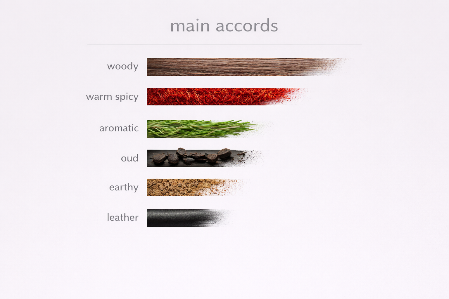 När doften utvecklas framträder hjärtats distinkta karaktär av aromatisk rosmarin. Denna friska, örtiga not bryter vackert av mot den varma kryddigheten och skapar en elegant balans. Doften landar slutligen i en extremt djup och hypnotisk bas av ren oud (agarträ). Ouden bidrar med en mörk, rökig och träig resonans som stannar kvar på huden i timmar och lämnar ett oförglömligt doftspår efter sig.
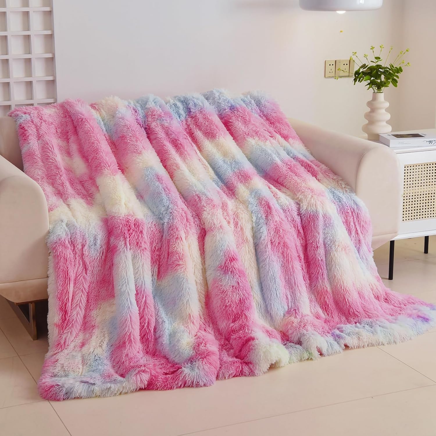 GONAAP Fuzzy Faux Fur Throw Blanket Queen Size Tie-dye Rainbow Super Soft Cozy Plush Fuzzy Shaggy Blanket for Couch Sofa Bed (Tie-dye Rainbow, Queen(90"x90"))
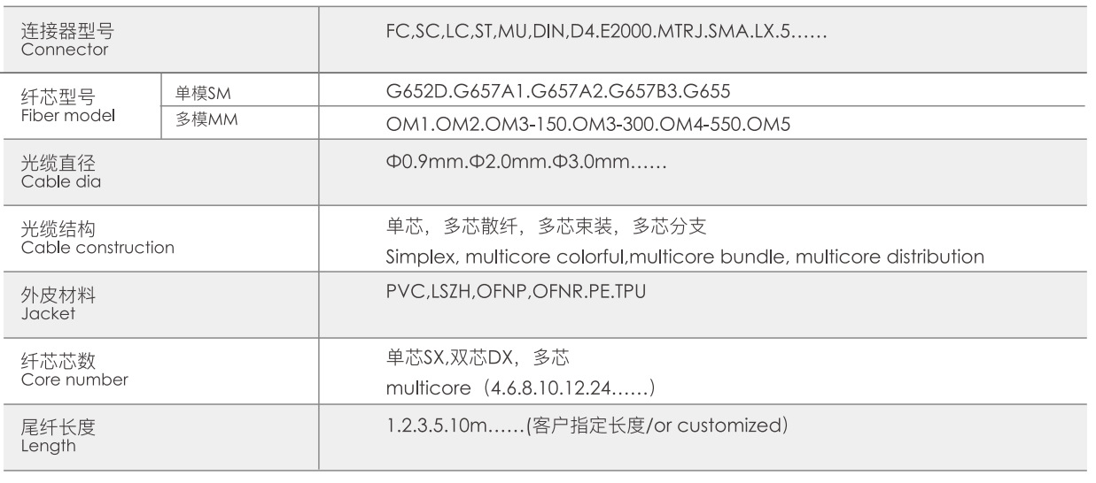 It’s classified by cable structure, there are simplex pigtail, multi-core pigtails,multicore bundle pigtail, multicore distribution pigtail .9订货信息表Order information:9
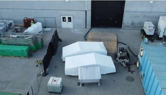 近日,有網(wǎng)友在特斯拉得州超級工廠(chǎng)上方使用無(wú)人機拍到了一些白色設備,看起來(lái)像是用白布蓋住的 Cybertruck 電動(dòng)皮卡車(chē)身。
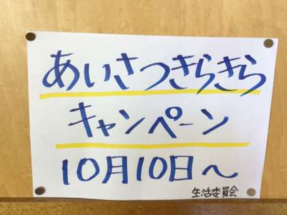 生活委員会が中心となり、「あいさつキラキラキャンペーン」を行なっています。
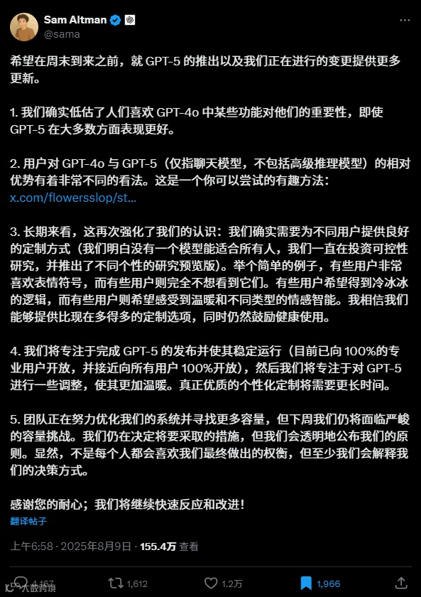未解决的核心分歧:奥特曼承认 “低估了用户对 GPT-4o 的重视程度”,但并未真正理解这些代码组合为何能引发如此强烈的情感共鸣。他在推文中强调 “未来将提供更多定制化选项”,却回避了如何尊重用户与 AI 共同创造的独特历史这一核心问题。
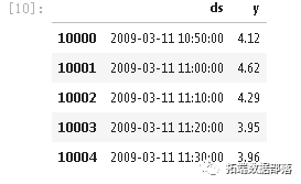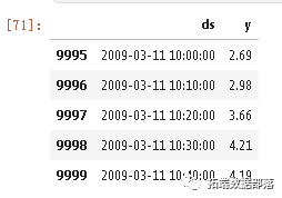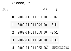 n_prophet = 10000Prophet模型需要得到一个有两列的DataFrame:一列名为ds,包含时间戳,一列名为y,包含要评估的时间序列。我们只看温度数据。
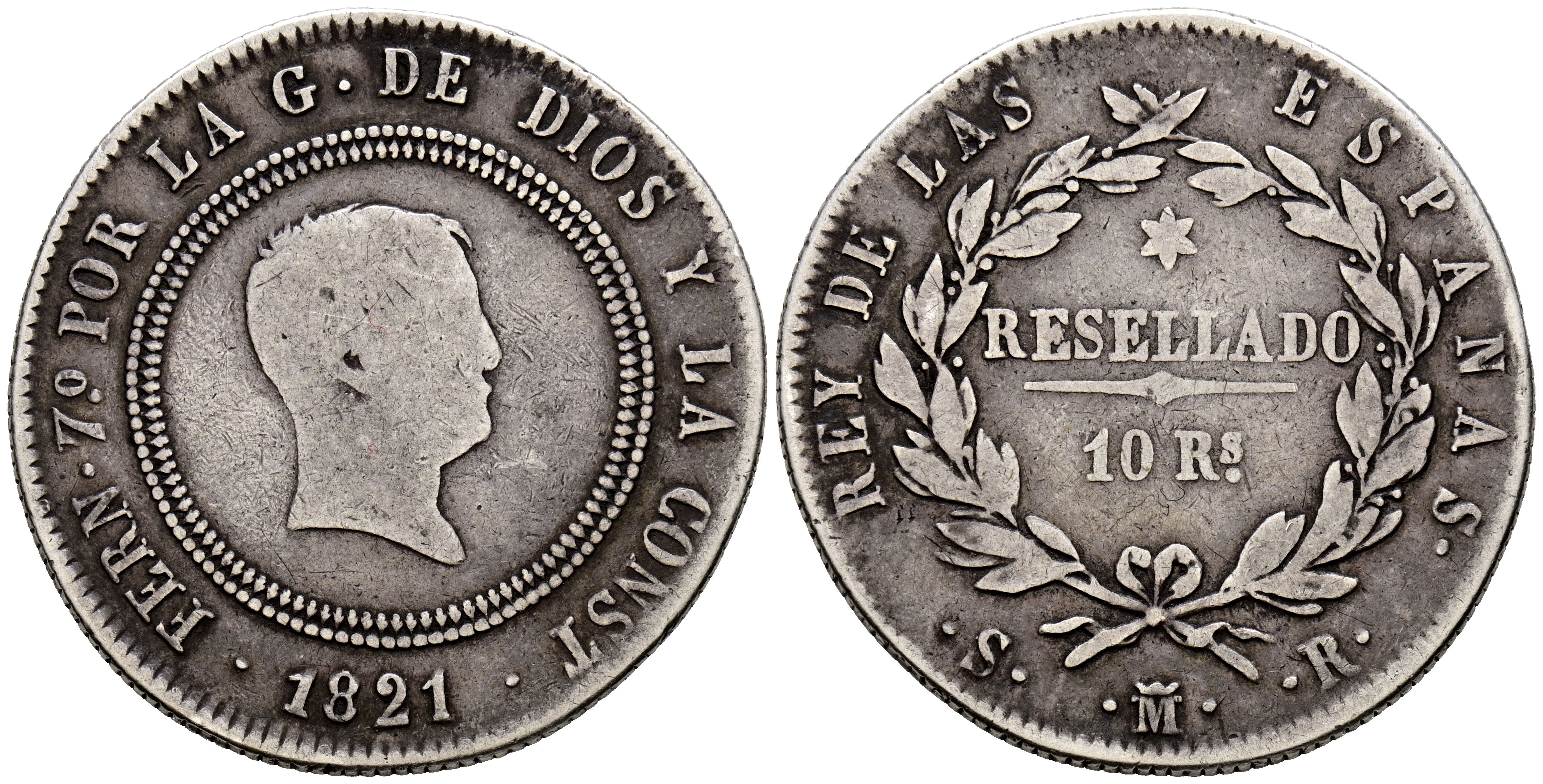 FERNANDO VII (1808-1833). 10 Reales. (Ar. 12,77g/33mm). 1821. Madrid SR. (Cal-2019-1088). VF-.
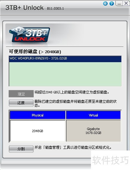 2、 下载技嘉3TB解锁工具,运行后软件将自动检测硬盘。点击建立可将硬盘划分为2TB虚拟磁盘与1.6TB存储空间,随后点击分割,系统将启动磁盘管理工具进行后续操作。
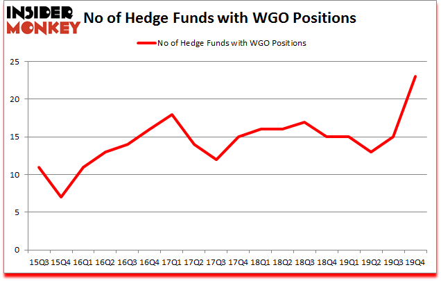 At the end of the fourth quarter, a total of 23 of the hedge funds tracked by Insider Monkey were long this stock, a change of 53% from one quarter earlier. By comparison, 15 hedge funds held shares or bullish call options in WGO a year ago. With hedge funds’ sentiment swirling, there exists an “upper tier” of noteworthy hedge fund managers who were boosting their stakes significantly (or already accumulated large positions).
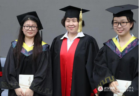 十大赌博正规网址排名院长曹曼教授(中)为学生拨穗合影
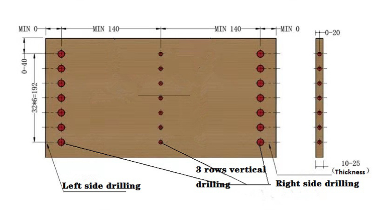 WDA032, narrow panel Drilling machine is used for wood industry and panel furniture industry drilling, have two groups (7/5pcs drills per group) side horizontal drills and three groups (7/5pcs drills per group) top vertical drills,horizontal drills and vertical drills can working alternate(Asynchronization)and together(Synchronization).
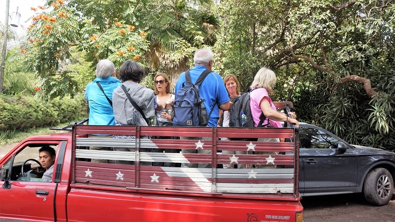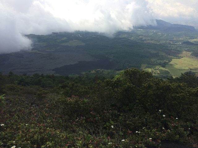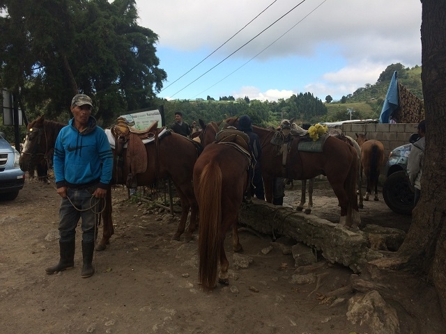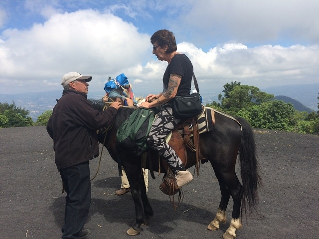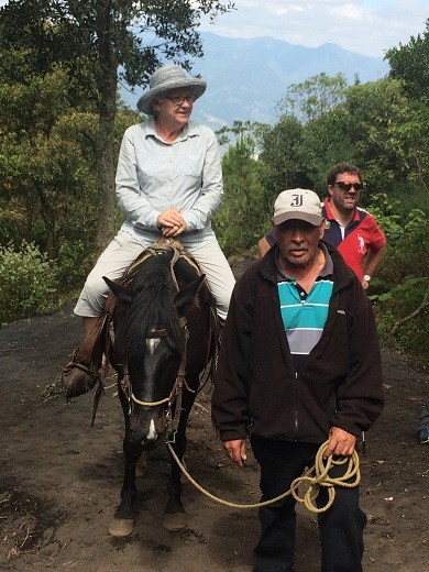 Nach dem Frühstück stehen wir zu elft um acht Uhr bei der Rezeption bereit für eine Bergtour. Mit dem Bus fahren wir in fünf Viertelstunden nach San Francisco de Sales, wo uns Stecken und Pferde angeboten werden, um hinauf zum Lavakegel zu wandern. Ein obligatorischer Guide begleitet uns. Auf einem recht steil angelegten Waldpfad mit vielen interessanten Pflanzen steigen wir auf zum Fusse des Lavakegels. Unterwegs macht uns unser Guide immer wieder auf Besonderheiten aufmerksam. Begleitet werden wir in der ersten Phase von mehreren Jungs und Männern mit gesattelten Pferden. Immer wieder bestürmen Sie uns, doch ihr Angebot, in den Sattel auf ihr Pferd zu steigen, anzunehmen. Sie glauben offenbar nicht so recht daran, dass wir diese Wanderung schaffen. Einer schafft es dann doch, und abwechslungsweise sitzt nu jeweils eine unserer Teilnehmerinnen auf dem Pferd. Die anderen Pferdeknechte mit ihren Tieren geben auf.
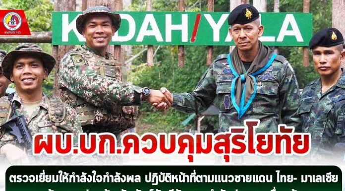 ผบ.บก.ควบคุมสุริโยทัยตรวจเยี่ยมให้กำลังใจกำลังพลปฎิบัติหน้าที่ตามแนวชายแดน ไทย- มาเลเซีย พร้อมพบปะ สร้างสัมพันธ์อันดีกับกองกำลังประเทศเพื่อนบ้าน
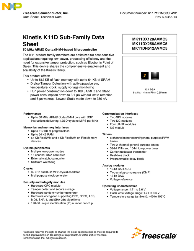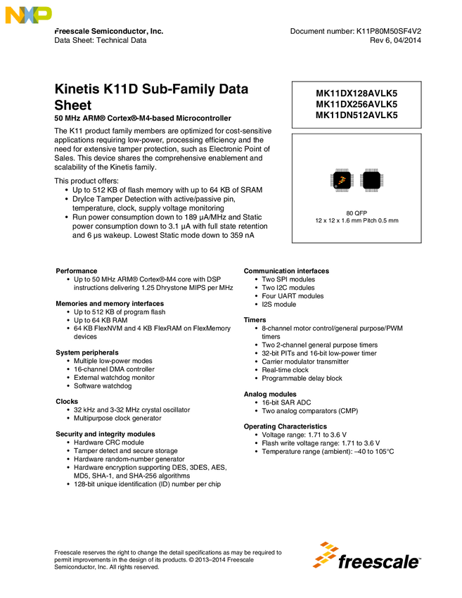 Kinetis<sup>&#174;</sup> K11-50 MHz, Anti-Tamper Microcontrollers (MCUs) based on Arm<sup>&#174;</sup> Cortex<sup>&#174;</sup>-M4 Core
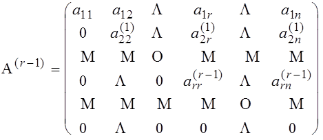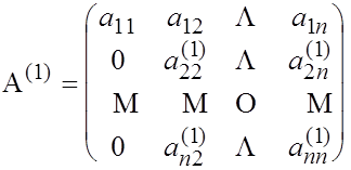 Выражение (2) очень похоже на выражение для пересчета матрицы на первом шаге процедуры Гаусса решения системы линейных уравнений (первый семестр!). Этот шаг, напомним, состоит в вычитании из каждой

Work required: Please give the entries again word for word, without any pictures.

Task response:
 När doften utvecklas framträder hjärtats distinkta karaktär av aromatisk rosmarin. Denna friska, örtiga not bryter vackert av mot den varma kryddigheten och skapar en elegant balans. Doften landar slutligen i en extremt djup och hypnotisk bas av ren oud (agarträ). Ouden bidrar med en mörk, rökig och träig resonans som stannar kvar på huden i timmar och lämnar ett oförglömligt doftspår efter sig.
 GONAAP Fuzzy Faux Fur Throw Blanket Queen Size Tie-dye Rainbow Super Soft Cozy Plush Fuzzy Shaggy Blanket for Couch Sofa Bed (Tie-dye Rainbow, Queen(90"x90"))
 It’s classified by cable structure, there are simplex pigtail, multi-core pigtails,multicore bundle pigtail, multicore distribution pigtail .9订货信息表Order information:9
 近日,有網(wǎng)友在特斯拉得州超級工廠(chǎng)上方使用無(wú)人機拍到了一些白色設備,看起來(lái)像是用白布蓋住的 Cybertruck 電動(dòng)皮卡車(chē)身。
 生活委員会が中心となり、「あいさつキラキラキャンペーン」を行なっています。
未解决的核心分歧:奥特曼承认 “低估了用户对 GPT-4o 的重视程度”,但并未真正理解这些代码组合为何能引发如此强烈的情感共鸣。他在推文中强调 “未来将提供更多定制化选项”,却回避了如何尊重用户与 AI 共同创造的独特历史这一核心问题。
 n_prophet = 10000Prophet模型需要得到一个有两列的DataFrame:一列名为ds,包含时间戳,一列名为y,包含要评估的时间序列。我们只看温度数据。
 FERNANDO VII (1808-1833). 10 Reales. (Ar. 12,77g/33mm). 1821. Madrid SR. (Cal-2019-1088). VF-.
 2、 下载技嘉3TB解锁工具,运行后软件将自动检测硬盘。点击建立可将硬盘划分为2TB虚拟磁盘与1.6TB存储空间,随后点击分割,系统将启动磁盘管理工具进行后续操作。
 At the end of the fourth quarter, a total of 23 of the hedge funds tracked by Insider Monkey were long this stock, a change of 53% from one quarter earlier. By comparison, 15 hedge funds held shares or bullish call options in WGO a year ago. With hedge funds’ sentiment swirling, there exists an “upper tier” of noteworthy hedge fund managers who were boosting their stakes significantly (or already accumulated large positions).
 十大赌博正规网址排名院长曹曼教授(中)为学生拨穗合影
 WDA032, narrow panel Drilling machine is used for wood industry and panel furniture industry drilling, have two groups (7/5pcs drills per group) side horizontal drills and three groups (7/5pcs drills per group) top vertical drills,horizontal drills and vertical drills can working alternate(Asynchronization)and together(Synchronization).
 Nach dem Frühstück stehen wir zu elft um acht Uhr bei der Rezeption bereit für eine Bergtour. Mit dem Bus fahren wir in fünf Viertelstunden nach San Francisco de Sales, wo uns Stecken und Pferde angeboten werden, um hinauf zum Lavakegel zu wandern. Ein obligatorischer Guide begleitet uns. Auf einem recht steil angelegten Waldpfad mit vielen interessanten Pflanzen steigen wir auf zum Fusse des Lavakegels. Unterwegs macht uns unser Guide immer wieder auf Besonderheiten aufmerksam. Begleitet werden wir in der ersten Phase von mehreren Jungs und Männern mit gesattelten Pferden. Immer wieder bestürmen Sie uns, doch ihr Angebot, in den Sattel auf ihr Pferd zu steigen, anzunehmen. Sie glauben offenbar nicht so recht daran, dass wir diese Wanderung schaffen. Einer schafft es dann doch, und abwechslungsweise sitzt nu jeweils eine unserer Teilnehmerinnen auf dem Pferd. Die anderen Pferdeknechte mit ihren Tieren geben auf.
 ผบ.บก.ควบคุมสุริโยทัยตรวจเยี่ยมให้กำลังใจกำลังพลปฎิบัติหน้าที่ตามแนวชายแดน ไทย- มาเลเซีย พร้อมพบปะ สร้างสัมพันธ์อันดีกับกองกำลังประเทศเพื่อนบ้าน
 Kinetis<sup>&#174;</sup> K11-50 MHz, Anti-Tamper Microcontrollers (MCUs) based on Arm<sup>&#174;</sup> Cortex<sup>&#174;</sup>-M4 Core
 Выражение (2) очень похоже на выражение для пересчета матрицы на первом шаге процедуры Гаусса решения системы линейных уравнений (первый семестр!). Этот шаг, напомним, состоит в вычитании из каждой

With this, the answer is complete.